The Oscar-winning U.S. documentary ''The Cove'' about a controversial dolphin hunt in a western Japanese town ended its opening day screening at six theaters in Japan on Saturday, without major disruptions despite protests that caused earlier screenings to be canceled.

With police officers patrolling around the theaters in Hachinohe, Sendai, Tokyo, Yokohama, Kyoto and Osaka, no major turmoil has been reported so far.

In Tokyo's Shibuya Ward, Theatre Image Forum said all three screenings for the day were full. ''We are relieved that we could run the screenings without incident,'' the 108-seat theater said in a released statement.

In Yokohama city, seven people who appeared to be right-wing group members gathered in front of Yokohama New Theatre and protested against the showing. A 48-year-old man who claims to be a key member of the group said, ''Its content is anti-Japanese and tramples Japanese culinary culture.''

While around 10 police officers were on watch near the theater, three civic group members were showing a sign that read, ''It's quite all right to show The Cove.''

The film opened at 10 a.m., drawing roughly 50 spectators. ''I just wanted to watch this film before giving a thought to the controversy over it,'' a 64-year-old woman said.

A 57-year-old man said he does not oppose dolphin hunts but came to the Yokohama theater to watch the movie ''fraught with various problems.''

Eighteen other cinemas in 16 prefectures plan to screen the film in the days to come.

A 24-year-old graduate school student from Tsukuba, Ibaraki Prefecture, said after watching the film in Yokohama, ''It was really cruel to see the seawater run so red with the dolphins' blood, and I could become aware of what I had not known. The film will provide opportunities to consider right and wrong of dolphin hunting.''

He added, however, ''I thought it focuses only on what its producers wanted to say, while paying less attention to fishermen's views.''

The film, which shows the traditional dolphin hunt in Taiji, Wakayama Prefecture, was originally scheduled to be screened at 26 theaters across Japan starting June 26.

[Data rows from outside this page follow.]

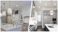 February 13, 2025 - This modern farmhouse kitchen design combines rustic design with modern tastes. The black kitchen islands and iron handles contrast nicely with the stark white cabinets and white subway tile backsplash. Subtle marble slabs like a Carrara marble countertop offer a touch of organic elegance to the kitchen.
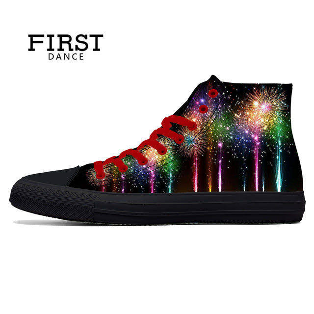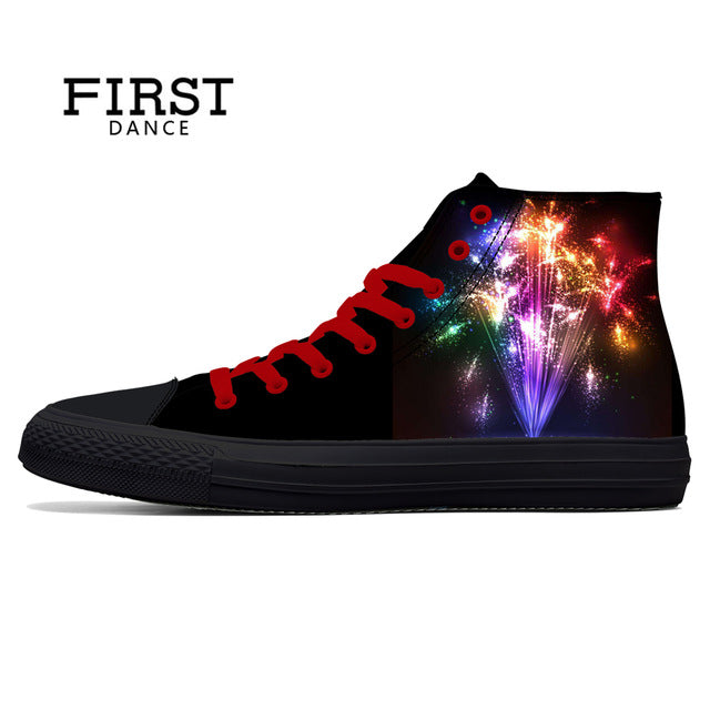 Spring Fire Skull Printed Shoes Black Mens High Top Classic Canvas Shoes 3D Colorful
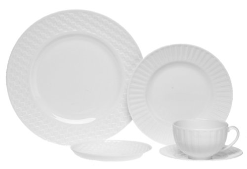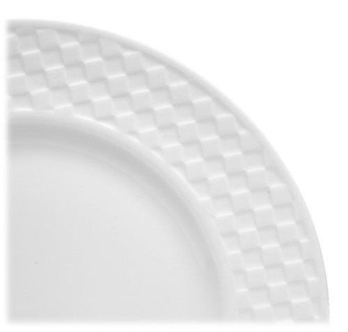 Amazon.com Review Embossed with simple geometric patterns, the all-white pieces in this single place setting are perfect for use at dinner, breakfast, or lunch: night and day. Their unleaded glaze gleams brilliantly--just what you'd expect of Wedgwood bone china, which has delighted royals and commoners since Josiah Wedgwood, the father of English potters, began making his renowned ceramics in 1759. The place setting consists of a 10-1/2-inch checkerboard-patterned dinner plate, an 8-inch fluted salad/dessert plate, a 6-inch diamond-patterned bread plate, and a 10-ounce fluted cup with diamond-patterned saucer. Containing about 50 percent animal bone, which accounts for its startling translucency, bone china is the strongest of all ceramic tableware--stronger even than porcelain or earthenware--and is dishwasher-safe. As avid collectors know, Wedgwood china lasts several lifetimes, making it esteemed as an heirloom. --Fred Brack 0
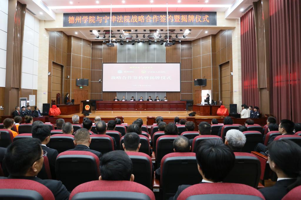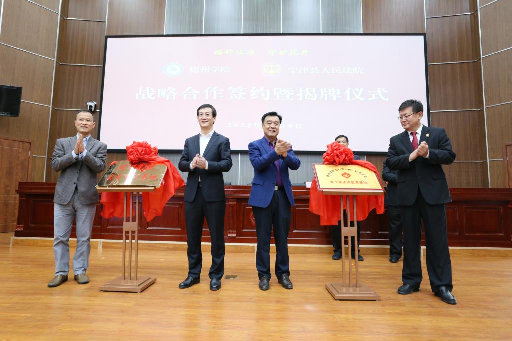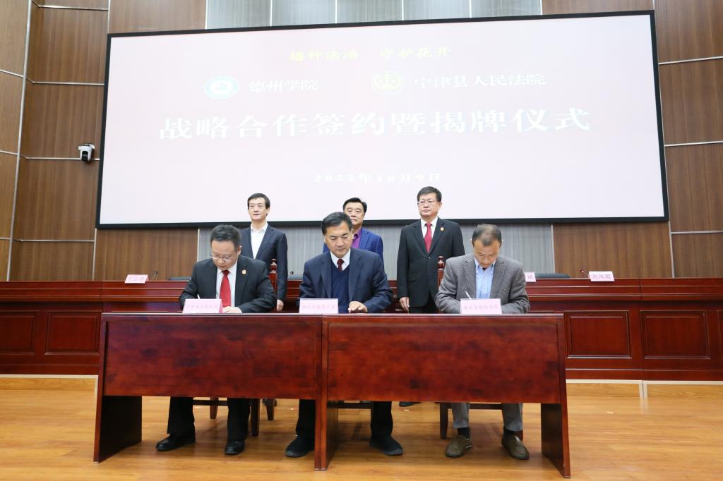 10月9日,bat365在线唯一官网登录与宁津县人民法院“播种法治•守护花开”战略合作签约揭牌仪式在宁津县人民法院举行。bat365关工委主任展德明,德州市中级人民法院党组副书记、副院长刘光辉,宁津县委书记高善玉,宁津县人民法院院长任运通,学校关工委、离退休工作处、法学院师生代表参加。
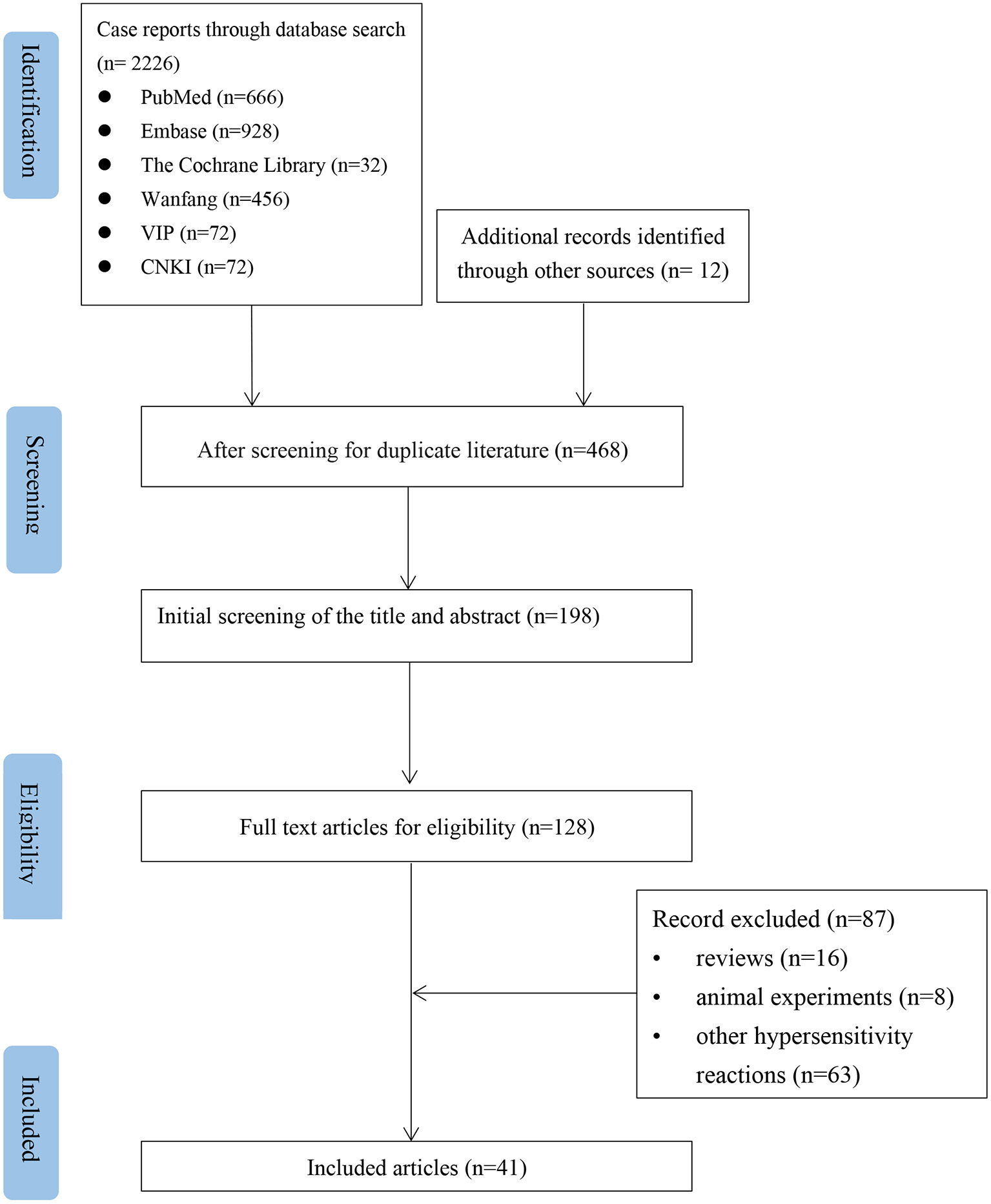 According to the inclusion and exclusion criteria, after independent screening by two authors, 41 articles were included, all of which were case reports. The literature screening is shown in Figure 1. The bias assessment of the case reports was evaluated using the National Institute for Clinical Excellence (NICE) quality scale. The quality of the included reports was low, with an overall score of 3–5.
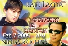 GBNC is proud to present two of the hottest personalities from the Nepalese pop scene, Nima Rumba and Raju Lama. Join us they entertain and brighten our Monday with their premier performance in the US. Look forward to an evening of great entertainment and fun. There will be music, dance, and singing aplenty! It's time to cast away those snow boots and... clear your throats, and dust off your dancing shoes. See you there! Place: VFW Mount Auburn Post 8818 Address: 688 Huron Ave, Cambridge, MA 02138 Day & Date: Monday, 7th February 2005 Time: 7 pm till 12 midnight Tickets: $20 (Advance) $25 (Door) PLEASE CONTACT THE FOLLOWING FOR TICKETS: Bhakta Gurung: 617 8184865 Binod Oli: 617 782 4925 Dinesh Sherchan: 617 2831915 Jangbu Sherpa: 347 6135886 Prem Tamang: 617 6272048 Surya Thapa: 617 5482219
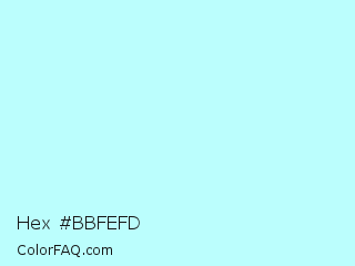 Hex #bbfefd Color is a very light cyan color and the nearest color is Italian Sky Blue #b2ffff. Hex code #bbfefd and RGB value is rgb(187,254,253). In RGB color space, this color is composed of 73% red, 100% green, 99% blue, In CMYK color space, this color is composed of 26% cyan, 0% magenta, 0% yellow , 0% black , In HSL color space, this color has a hue angle of 179° , 97% saturation and 86% lightness.
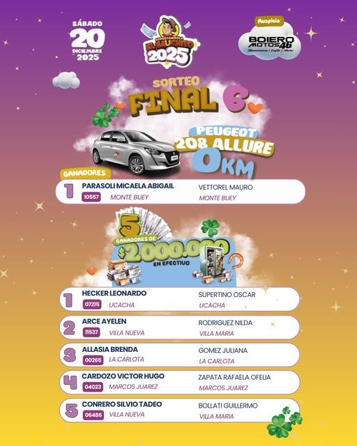 El sorteo fue seguido desde Monte Buey, ya que la ganadora no viajó al evento, y el premio obtenido fue nada menos que un Peugeot 208 0 km. Por el momento, la familia analiza qué decisión tomar con el vehículo, algo que será conversado tanto puertas adentro como con la organización del sorteo.

But it has drawn criticism from some Japanese groups claiming it is anti-Japanese. They have intimidated theaters that planned to show the film and led three of the theaters in Tokyo and Osaka to cancel screenings.

According to its Japanese distributor, Unplugged Inc., four of the six theaters showing the film on Saturday were targets of street protests or were intimidated. Of the four, two in Tokyo and Yokohama successfully applied for a court injunction against civic groups staging protests around the theaters.

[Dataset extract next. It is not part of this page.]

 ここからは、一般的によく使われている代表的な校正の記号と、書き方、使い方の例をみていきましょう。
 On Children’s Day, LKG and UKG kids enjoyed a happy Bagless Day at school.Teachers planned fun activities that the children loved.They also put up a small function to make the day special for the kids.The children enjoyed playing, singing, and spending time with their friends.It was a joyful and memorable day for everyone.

The people of Taiji have also objected to the documentary, which was mostly shot in the town with hidden cameras. They claim the film is based on wrong information and infringes on individual rights because the people were filmed without permission.

Taiji Mayor Kazutaka Sangen said Saturday he is disappointed that the film is finally being shown.

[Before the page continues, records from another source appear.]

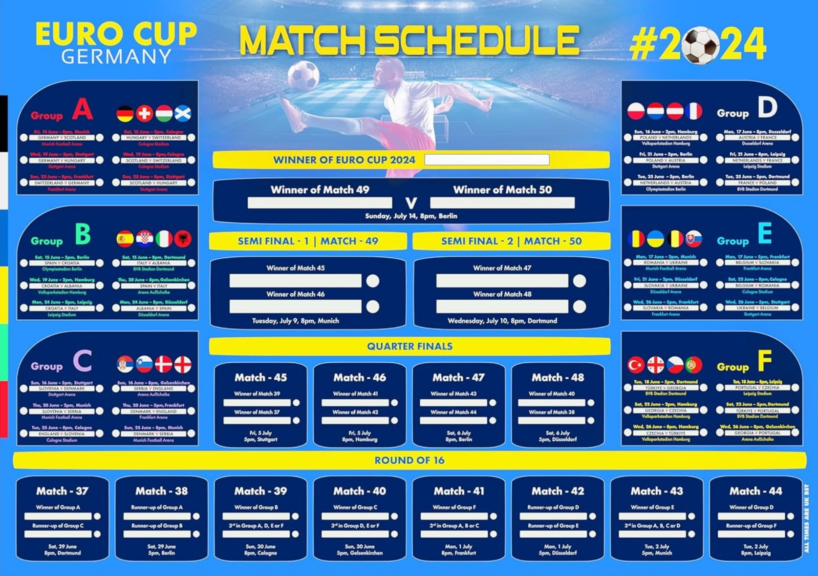 A조1위는 C조2위와 경기를 치르며, A조 2위는 B조 2위와 경기를 치른다. B조 2위는 이탈리아, 크로아티아 중에 한 팀이 될 것으로 보이며 C조는 잉글랜드가 1위를 할 경우 대진이 수월해지는 것은 사실이다.
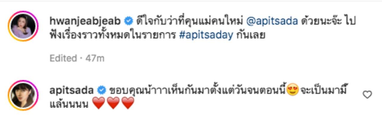 "ดีใจกับว่าที่คุนแม่คนใหม่ @apitsada ด้วยนะจ๊ะ ไปฟังเรื่องราวทั้งหมดในรายการ #apitsaday กันเลย" ด้าน ไอซ์ ก็ได้เข้ามาตอบกลับว่า "ขอบคุณน้าาาเห็นกันมาตั้งแต่วันจนตอนนี้ จะเป็นมามี๊แล้นนนน"
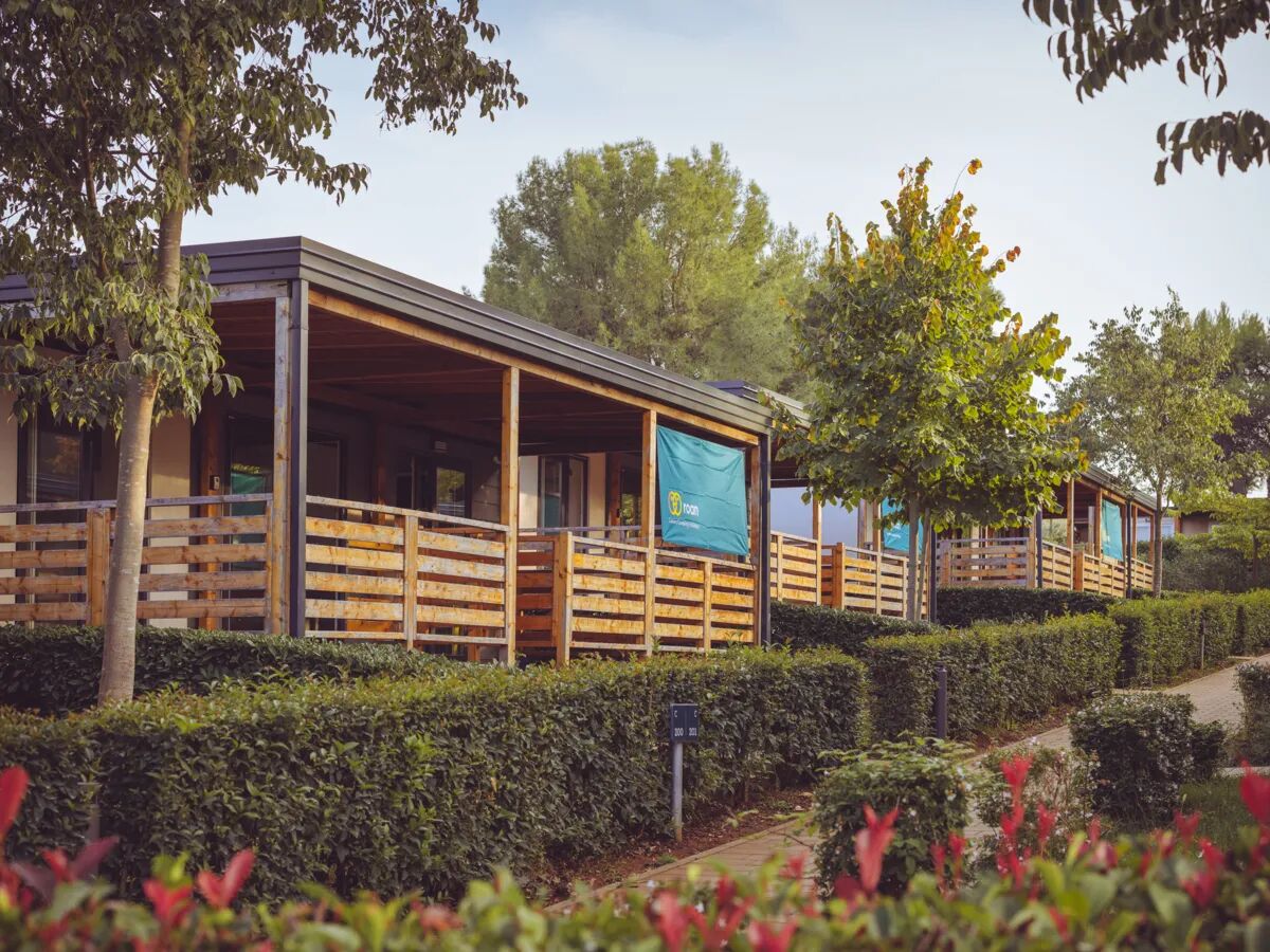 The wooden decking is covered and no less than 24 m2. The luxurious garden set consists of four adjustable chairs with cushions and two bucket seats. On the other side of the decking is a lovely lounge sofa with large comfortable cushions. With the Roan sunbanner you can always create shade under the canopy. On the campsite page, you can read which free barbecue/grill plate your accommodation has.
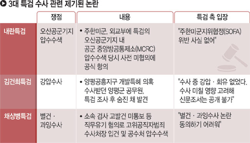 더불어민주당이 밀어붙인 특검법 개정으로 내란·김건희·채상병특검 등 3대 특검의 수사기간이 연장된 가운데 과잉수사, 별건수사 논란이 커지고 있다. 지난 7월 내란특검(특별검사 조은석)의 경기 평택시 오산공군기지 압수수색에 대해 주한미군이 공식 항의하는 등 수사 관련 잡음이 끊이지 않고 있다.
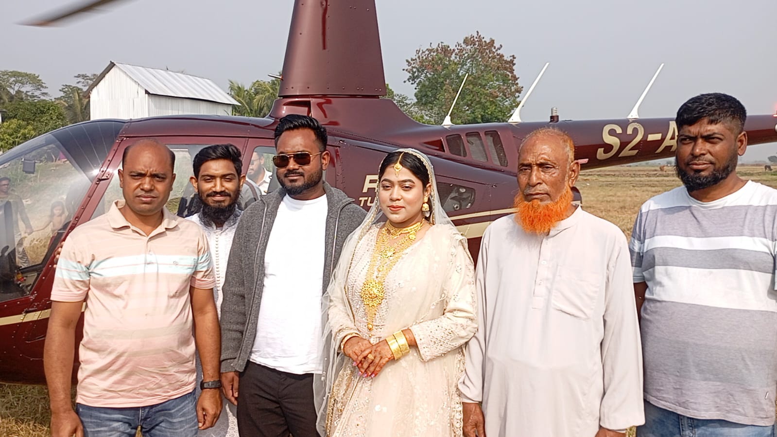 রাজৈরের দক্ষিন গোয়ালদী গ্রামে, মেয়ে নিয়ে হেলিকপ্টারে করে মেলাইয়া খাইতে আসলো জামাই।

''I understand there should be freedom of expression but at the same time you have to think about the rights of the fishermen and the rules (for film production),'' Sangen said in a telephone interview with Kyodo News.

An official of the Taiji fisheries union voiced concern that showing the film could spread misunderstanding about dolphin hunts, but added that the union hopes audiences will get an ''exact understanding'' of what actually takes place in the town.

''Our union doesn't have enough money and manpower to take action against the film...we're just living ordinary lives,'' another union member said. ''It feels Taiji is being rocked by a powerful film and powerful groups of people.''

To deal with such criticism, the distributor said it has shaded the images of the local people and added information and expressions with subtitles to avoid misunderstanding.

The film won the 2010 Academy Award for best documentary.

Prior to the start of screening in Japan, the Directors Guild of Japan issued a statement Friday protesting any moves to make the theaters stop showing the film.

''Such moves would limit opportunities to express one's thoughts and beliefs, which are essential elements of democracy, and as a result lead to a loss of freedom of expression,'' the statement said.

In Japan, similar pressure from right-wing groups and allegations by some lawmakers as well as critics that the film is anti-Japanese had caused cancellation of screenings in 2008 of the controversial documentary film ''YASUKUNI'' the film by Chinese director Li Ying.

The film depicts events and people connected to Tokyo's Yasukuni Shrine, which is regarded as a symbol of Japan's past militarism by neighboring countries since it honors the nation's war dead and Class-A war criminals.